(Required work):
Word for word, restate the lines of the data below between those holding "The metal unit" and "Located in the", inclusive; pictures do not belong in the copy.

(Record excerpts):
* * * * * * *
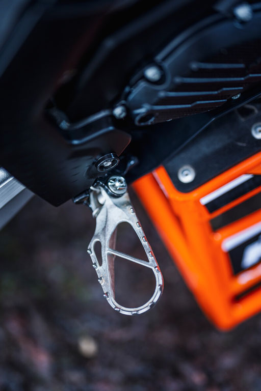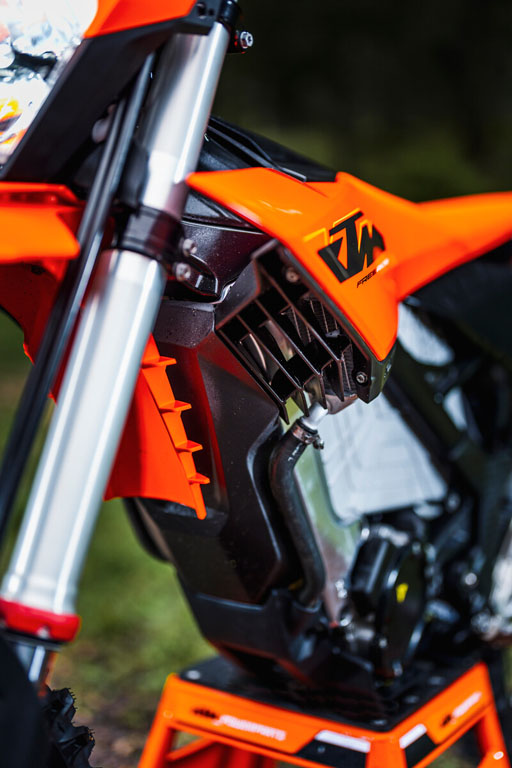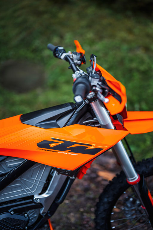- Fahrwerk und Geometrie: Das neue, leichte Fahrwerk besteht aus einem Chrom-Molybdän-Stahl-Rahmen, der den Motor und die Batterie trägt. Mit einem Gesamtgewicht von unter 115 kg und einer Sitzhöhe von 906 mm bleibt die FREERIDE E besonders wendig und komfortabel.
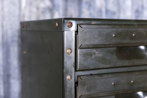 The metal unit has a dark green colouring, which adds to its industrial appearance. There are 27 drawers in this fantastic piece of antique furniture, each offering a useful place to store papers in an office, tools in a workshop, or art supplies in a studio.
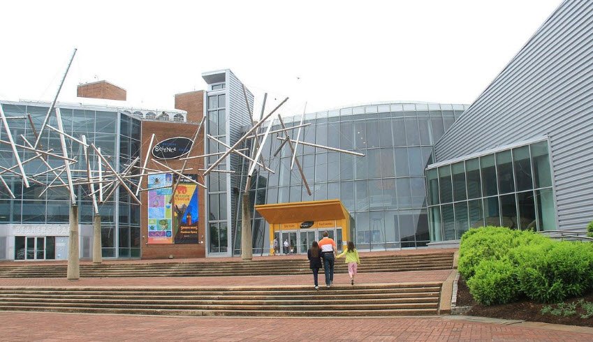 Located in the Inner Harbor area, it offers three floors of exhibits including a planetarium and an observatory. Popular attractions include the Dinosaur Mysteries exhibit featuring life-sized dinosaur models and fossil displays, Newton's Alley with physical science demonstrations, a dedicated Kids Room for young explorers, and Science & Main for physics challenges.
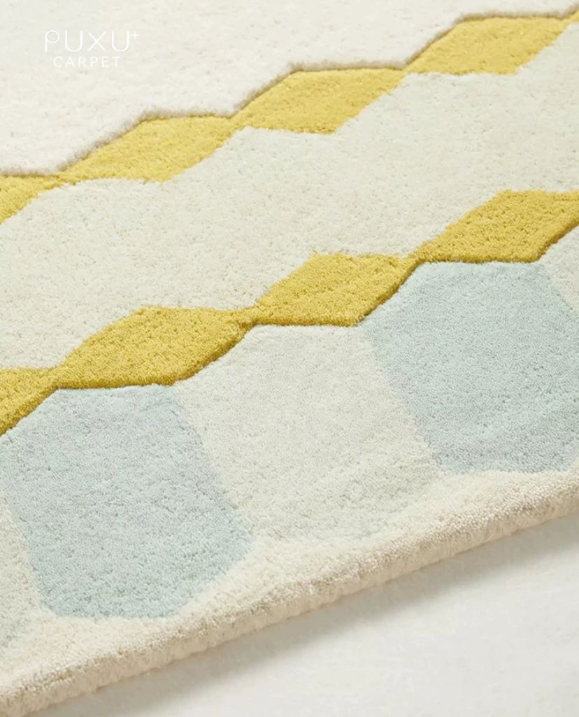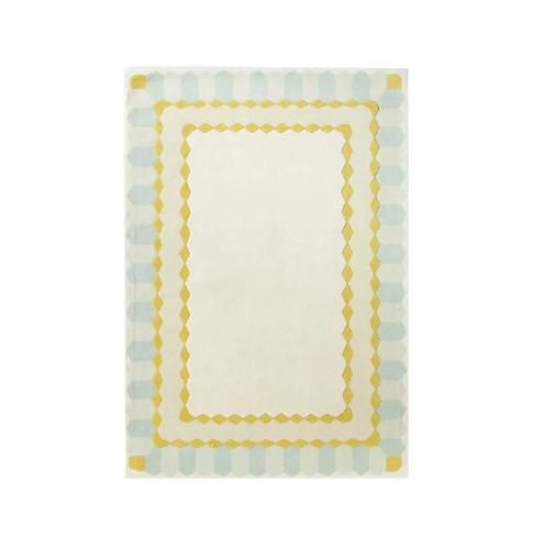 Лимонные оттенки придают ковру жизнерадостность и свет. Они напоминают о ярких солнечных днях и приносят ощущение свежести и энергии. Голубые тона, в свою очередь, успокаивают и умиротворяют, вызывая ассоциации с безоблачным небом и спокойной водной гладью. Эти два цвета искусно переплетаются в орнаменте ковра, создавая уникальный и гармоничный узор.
* * * * * * *
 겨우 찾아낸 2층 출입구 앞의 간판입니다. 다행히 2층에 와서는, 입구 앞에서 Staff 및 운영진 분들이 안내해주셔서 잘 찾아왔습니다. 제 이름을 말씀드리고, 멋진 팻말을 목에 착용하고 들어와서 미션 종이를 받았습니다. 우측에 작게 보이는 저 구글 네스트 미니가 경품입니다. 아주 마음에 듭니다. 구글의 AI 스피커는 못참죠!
* * * * * * *
(Output of the exercise):
 The metal unit has a dark green colouring, which adds to its industrial appearance. There are 27 drawers in this fantastic piece of antique furniture, each offering a useful place to store papers in an office, tools in a workshop, or art supplies in a studio.
 Located in the Inner Harbor area, it offers three floors of exhibits including a planetarium and an observatory. Popular attractions include the Dinosaur Mysteries exhibit featuring life-sized dinosaur models and fossil displays, Newton's Alley with physical science demonstrations, a dedicated Kids Room for young explorers, and Science & Main for physics challenges.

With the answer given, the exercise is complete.